This repository contains a machine-learning project focused on classifying diseases based on a pool of over 130 symptoms. This project aims to develop a model that can accurately predict an individual's disease based on various combinations of symptoms.
The dataset used for this project consists of 4920 samples. The dataset was obtained from Kaggle.
In this project, I employed several different machine learning models from Scikit-learn to train and evaluate the predictive model. The steps involved in the process include:
- Importing data: Cleaning the dataset, handling missing values, and scaling features.
- Model training: Training the selected algorithm on the preprocessed dataset.
- Model evaluation: Assessing the performance of the trained model using appropriate metrics such as accuracy, precision, recall, and F1-score.
Currently, the trained model achieves an accuracy score of 99.4% using Decision Trees.

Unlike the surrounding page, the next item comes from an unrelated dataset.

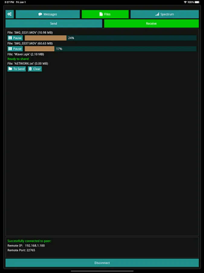 - The files are transmitted over TCP/IP. The sound message is used only to initiate the network connections between the devices
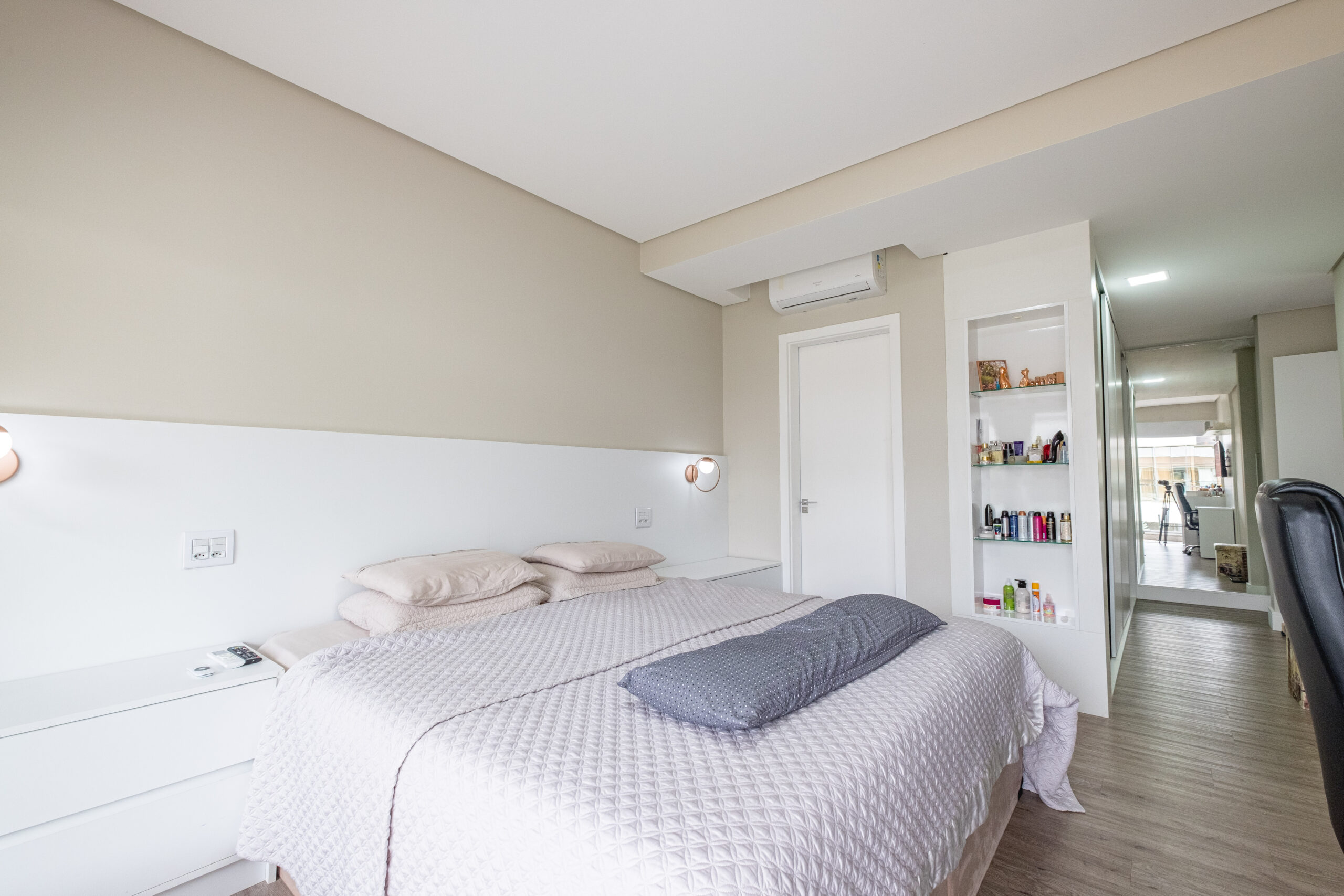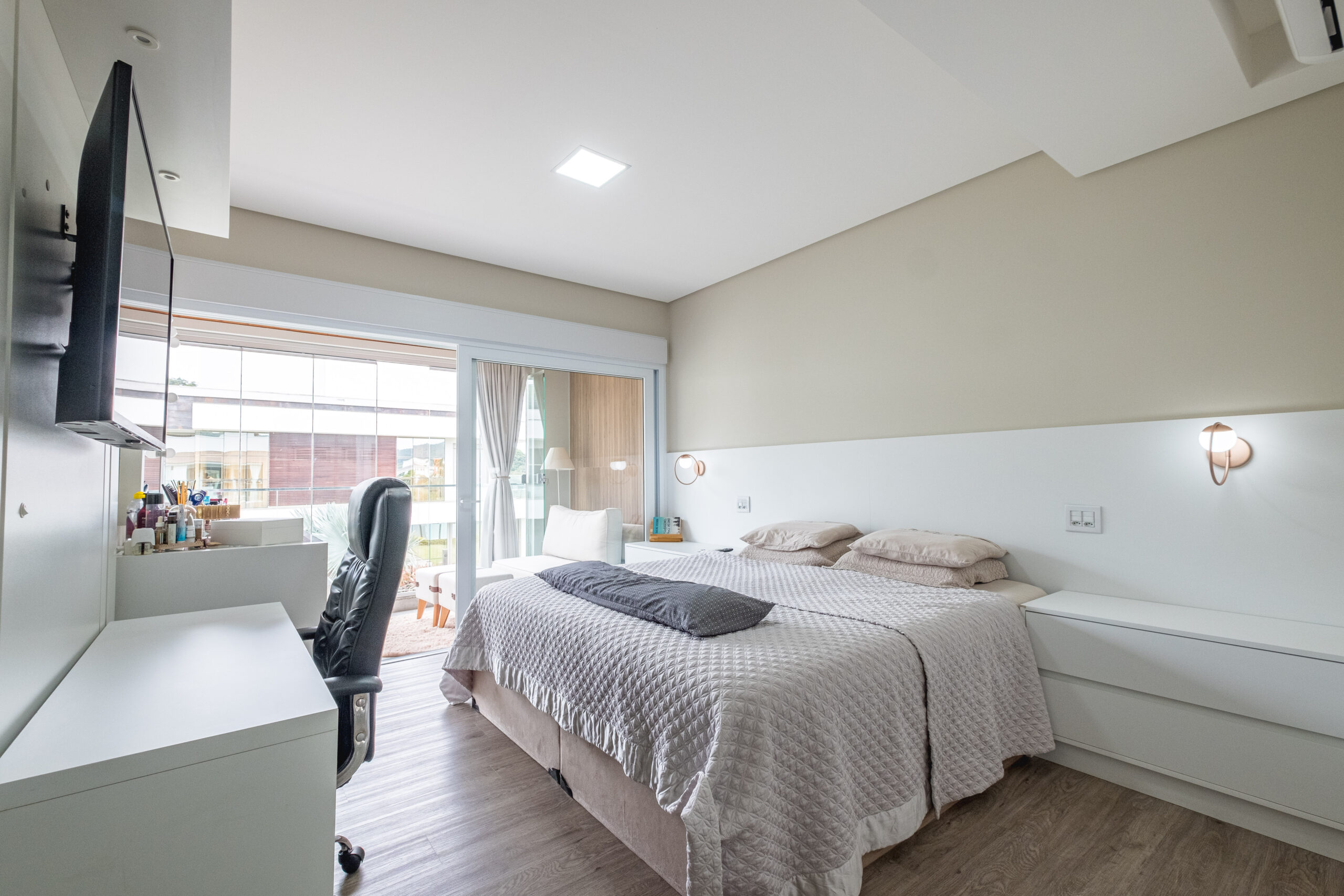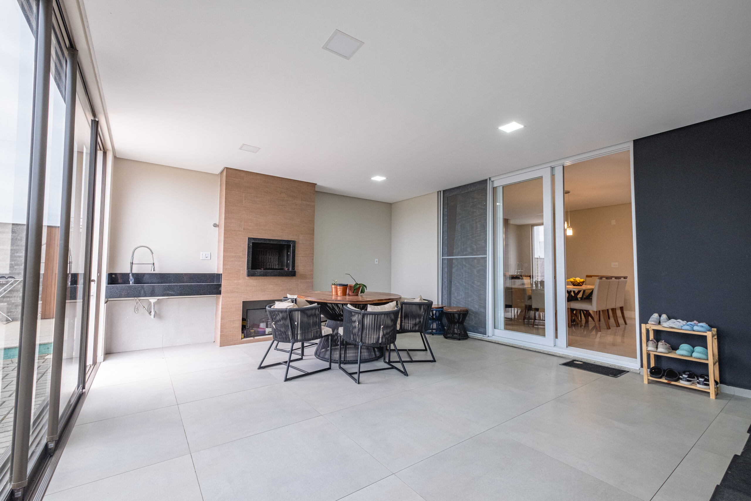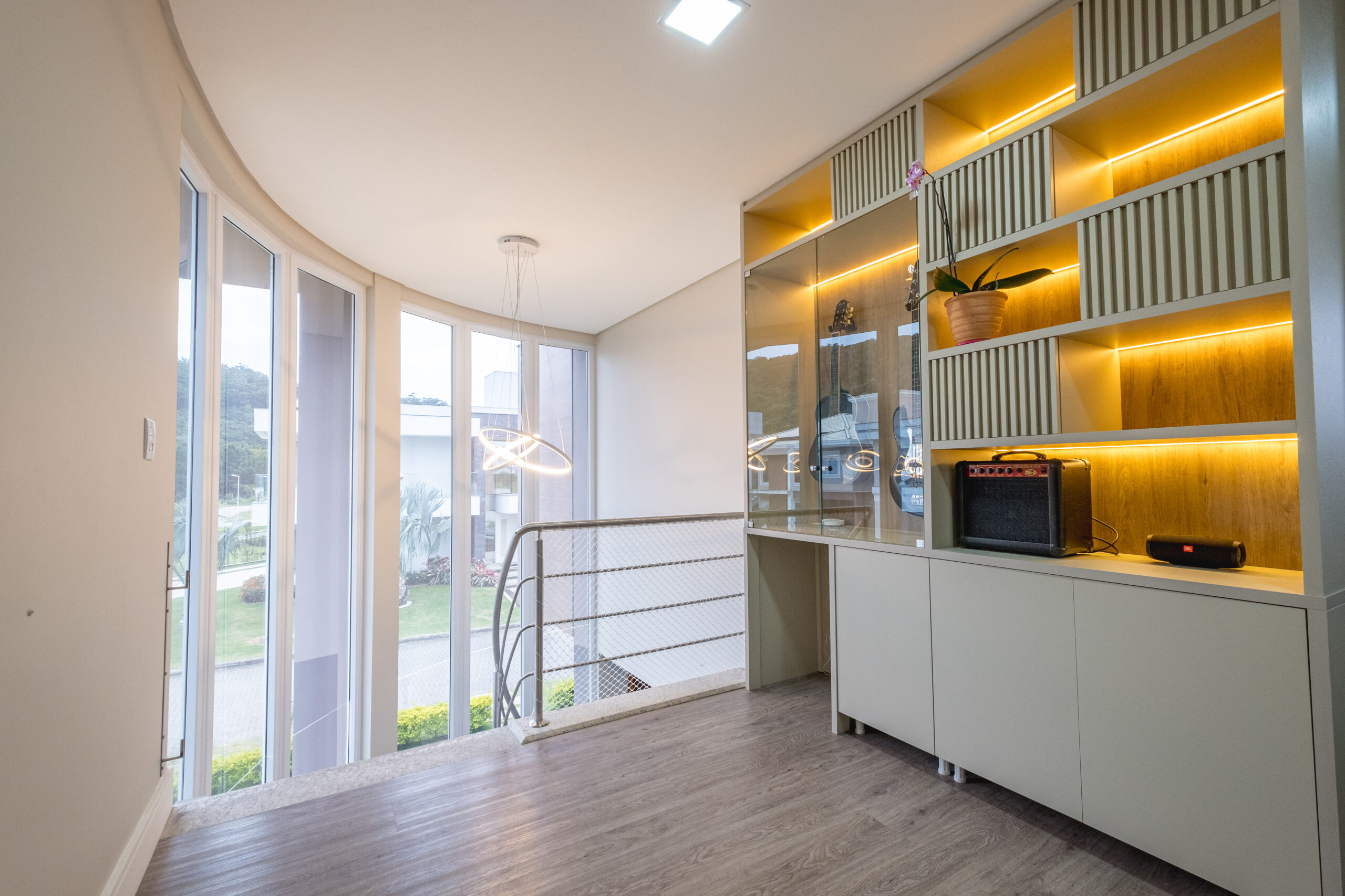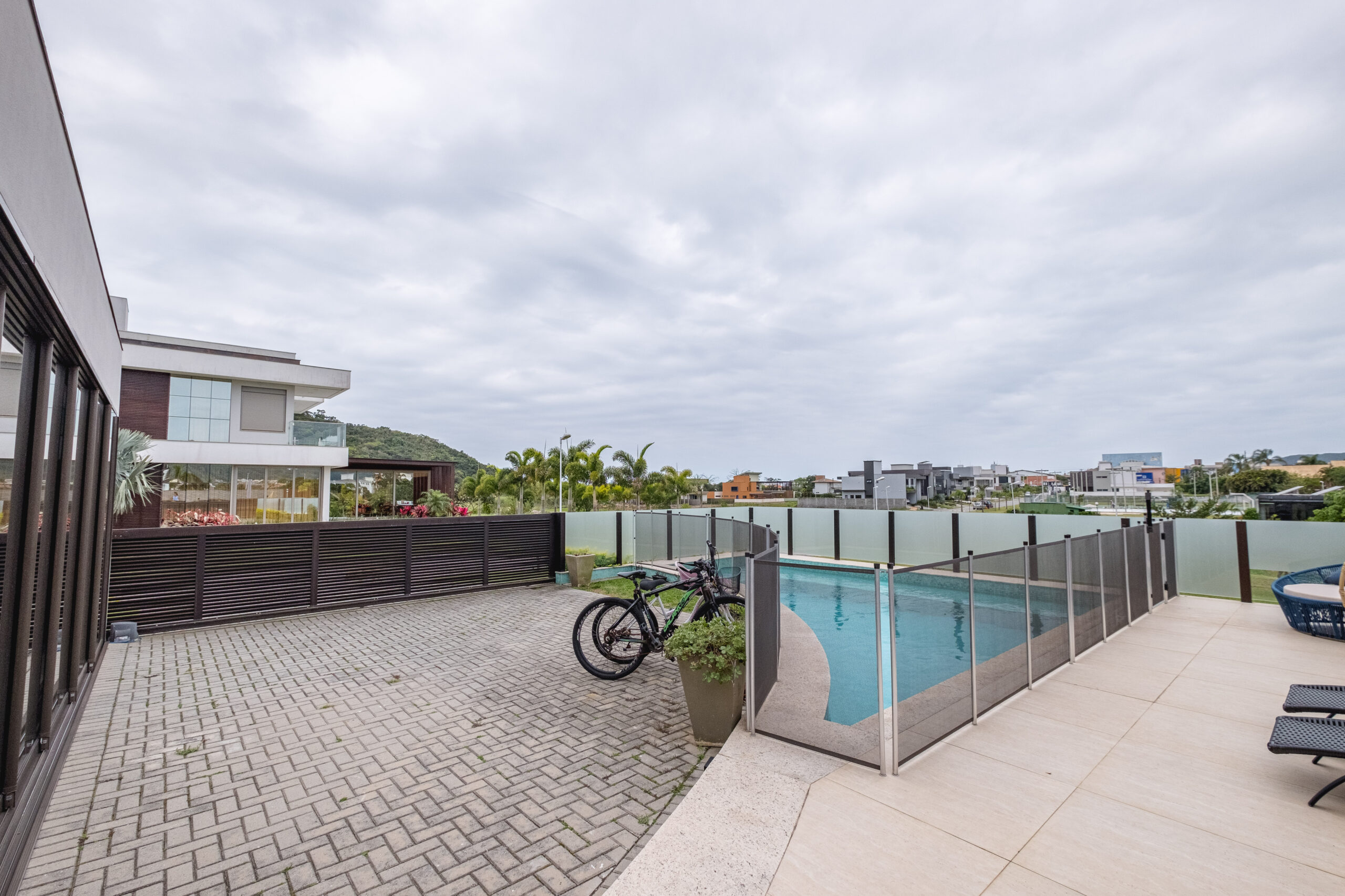 Casa residencial em condomínio fechado, possui 4 suítes, sala de jantar e TV, ar condicionado, sacada, churrasqueira, armários planejados, copa cozinha, cozinha americana, escritório, área de serviço, espera para split, estar íntimo, living, mobiliado, piscina, quintal, teto rebaixado, vista panorâmica, 4 banheiros e 2 vagas de garagem.

To run this project locally, follow these steps:
- Open this link to access the Google Colab file and make a copy
- Download dataset files from this repository
- Run the Google Colab to preprocess the data, train the model, make predictions, and save the model.
Programming languages: Python
Libraries: Scikit-learn
Pandas
NumPy
Matplotlib
Seaborn
Some potential enhancements for this project include:
- Exploring how the order of severity can affect the accuracy
- Tuning hyperparameters to optimize the model's performance.
- Deploying the trained model as a web application or API for real-time predictions.
Special thanks to Pranay Patil for providing the dataset used in this project.